C'est aussi ce qu'on préfère proposer aux familles avec de jeunes enfants, ou à ceux qui arrivent tard le premier soir et veulent juste se dégourdir les jambes avant le dîner : pas besoin de prendre la voiture, on chausse ses baskets à la porte du gîte et on part directement. Les plus courageux enchaînent ensuite, le lendemain, avec une vraie sortie plus longue vers le vignoble ou vers les gorges du Dourdou ; les autres se contentent de ce tour du soir, verre de vin de Marcillac à la clé au retour.

Pour ceux qui veulent aller plus loin sans forcément suivre le balisage GR, tout le réseau de chemins communaux et de sentiers inscrits au PDIPR (le plan départemental des itinéraires de promenade et de randonnée) est accessible aux alentours, entre causses, bois de chênes et vallons encaissés.

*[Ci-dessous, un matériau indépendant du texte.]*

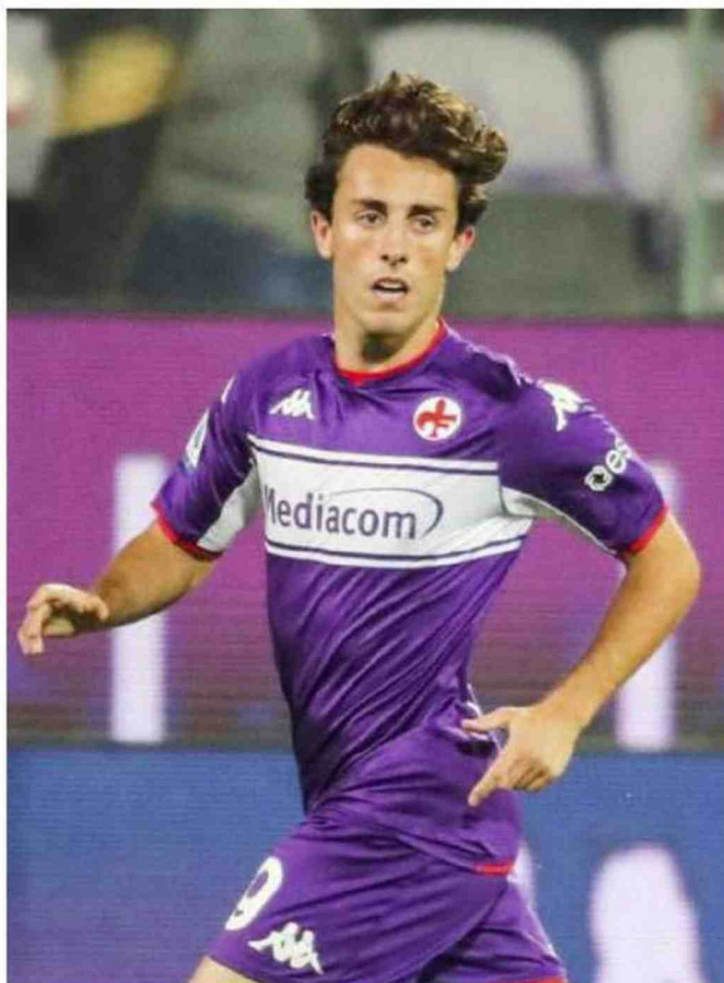
Odriozola è favorito su Venuti per partire dall'inizio a Udine

On recommande de toujours partir avec une carte IGN ou une application de randonnée à jour : le balisage local est bon, mais il ne remplace pas un vrai fond de carte quand on quitte les sentiers les plus fréquentés. Les offices de tourisme de Conques-Marcillac et de Rodez Agglomération éditent chaque année des fiches de randonnée gratuites, très bien faites, qu'on garde volontiers à disposition de nos hôtes.

La vélo-route du Dourdou, pour ceux qui préfèrent deux roues

Tout le monde n'a pas envie de marcher, et c'est très bien ainsi : la vélo-route du Dourdou suit la rivière sur une partie de son cours, avec un profil globalement roulant qui convient aux familles comme aux cyclotouristes plus aguerris. On la conseille souvent en complément d'une randonnée, un jour de repos pour les jambes où l'on découvre la vallée sous un autre angle, au fil de l'eau plutôt qu'en crête. Beaucoup de nos hôtes viennent d'ailleurs avec leur propre vélo, chargé sur le toit de la voiture, pour enchaîner les deux façons d'explorer la région.

Nos conseils pratiques avant de partir

En Aveyron, le climat peut changer vite, surtout sur les crêtes exposées : on part toujours avec une petite laine et une veste coupe-vent, même en plein été, et beaucoup d'eau, car les sources et fontaines ne sont pas systématiques sur les longues étapes. Les mois de mai-juin et septembre-octobre restent nos préférés pour randonner : les journées sont encore longues, la chaleur moins écrasante que début août, et le vignoble de Marcillac est particulièrement beau aux vendanges. Question chaussures, une bonne paire de chaussures de randonnée basses suffit largement pour nos sentiers et pour les étapes du GR62 telles qu'elles sont décrites dans le topoguide officiel : pas besoin de grosses chaussures montantes, sauf si vous comptez sortir des sentiers balisés.

Dernier conseil, et pas des moindres : pensez au retour. Le GR62 se marche dans les deux sens, mais si vous ne faites qu'une étape à la journée sans faire de boucle, il faut prévoir comment revenir à votre point de départ. Sur la partie qui nous intéresse le plus, entre Marcillac-Vallon et Conques, une ligne de bus régionale dessert certains points du parcours d'avril à octobre, avec quelques allers-retours quotidiens ; on se renseigne toujours à jour auprès de l'office de tourisme avant de partir, les horaires pouvant changer d'une saison à l'autre. Sinon, la solution la plus simple reste souvent de laisser une voiture à chaque bout, ou de nous demander conseil : on connaît la plupart des parkings de départ par cœur.